I carry a lot of privilege. I am a white settler in a country that devalues black and indigenous lives. I am able-bodied in a country that puts barriers for those who are not. I have been perceived as a boy in a country that pushes down girls. I grew up with affluent parents in a country that punishes the children of poor parents. I work as a software developer in an economic system that removes opportunity, diminishes time with close ones, facilitates bad housing situations, denies health care, restricts mobility, and otherwise punishes those in other lines of work. An economic system even more cruel to those without employment. I have been lucky in an environment where that luck is largely determined by privilege.
I’m also a transgender woman. Men shout at me from cars and mock me from the streets. I’ve been assaulted for being visibly trans after a date. I’ve been yelled at in a change room and outside a washroom. I have been harassed walking on a sidewalk, shopping for clothes, getting my brows done, and attending a concert. My family didn’t support me: my sister refused to use my name and pronouns because it would “confuse” her children while my step-dad also refused telling me it would harm my mom. The Globe & Mail and National Post regularly publish op-eds portraying people like me as threats to children, as have politicians and Canadian television personalities. It’s emotionally draining. A quarter of Canadian men are uncomfortable with a trans person moving next door and about half don’t support access to washrooms and these people get to decide if I get hired. I am afraid to use washrooms especially when there are children there. I am afraid to go to the gym or buy underwear.
In short, I experience discrimination. But I also came out as pansexual in 2007 and transitioned in 2013. That matters, because while I’ve endured some violence, it is nothing compared to the losses that have been incurred by those before me. Every trans person I know has been penalized for opening up to the world with those losses diminishing as both the age and year in which they came out increased. My privilege has insulated me from much of that violence. The violence they endured like all violence is self-perpetuating, continuing despite a more accepting world. A more accepting world won’t change the cumulative effects of decades of denied opportunities and poverty. A more accepting world won’t remove trauma from undergoing conversion therapy, being homeless, being sexually assaulted doing sex work, or being fired. It won’t remove criminal records.
But because I experienced discrimination, I thought it was right to take the space created for advocacy in the name of trans people to speak. I gave workshops. I spoke at various events. I lobbied. I participated in a panel on trans health care for a year. I was wrong. I am not sure what is the right amount of space to take, but it is much less than the space I have taken.

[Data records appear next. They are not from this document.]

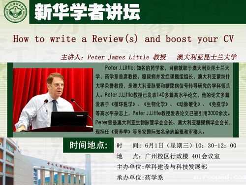 Peter J.Little: 知名的药学家,澳大利亚昆士兰大学药学院院长,中山大学bv伟德体育app官网学院药学系首席教授,糖尿病并发症课题组组长,澳大利亚蒙纳什大学荣誉教授,是澳大利亚脉管和糖尿病信号转导研究的学科领头人。Peter J.Little教授已发表140多篇高水平论文,他的论文多篇发表于《循环医学》、《生物化学》、《动脉硬化》、《免疫学》等高水平杂志上,Peter J.Little教授发表论文已被应用3000余次。Peter曾是澳大利亚生物脉管学会会长、澳大利亚糖尿病学会会长,现担任《营养学》等多家国际知名杂志编辑和审稿人。
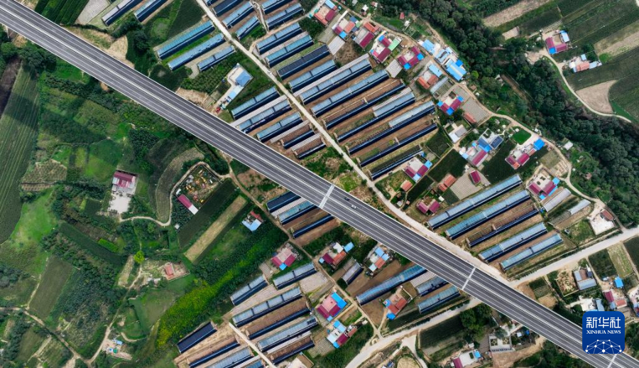 8月16日,车辆行驶在银昆高速太阳山南互通立交附近(无人机照片)。
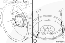 注: 安裝飛輪殼之前,應(yīng)確保所有定位銷位于拆卸飛輪殼時(shí)的相同位置。
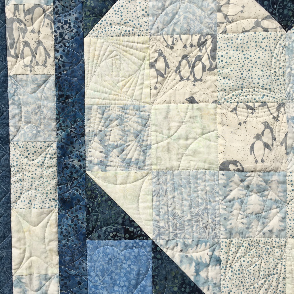 Hobbs 80/20 batting was used, Aurifil #2610 – Light Blue Grey, and Schmetz needles were used for piecing and quilting.
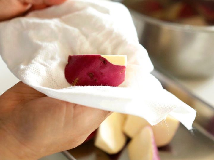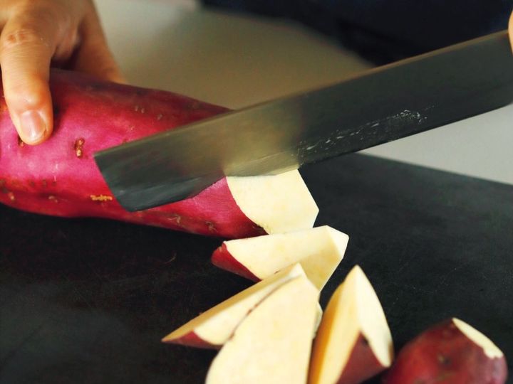 さつまいもはよく洗い、皮ごと乱切りにする。

My forebears faced the most violence and fought hard to create a place in this world. Their success in turn created greater room for advocacy. That space has become filled with people such as myself, who mistake our own experiences of discrimination as making us qualified to take that space. We are not. Our voices have been elevated above more marginalized voices by design from a system that always prizes those with most privilege. Meanwhile, the pioneers who created that space to advocate aren’t desired in that space because the privilege they lack makes them unpalatable. I have wondered as to the mechanisms that create the transition from advocating for those most on the edges to elevating those closest to assimilation.
I suspect, perhaps, ignorance has been the engine of this shift. Increased acceptance reduced the losses for those with more privilege and helped them preserve that privilege. They then did what those with privilege almost always do – take space and elevate that privilege while ignoring those without it.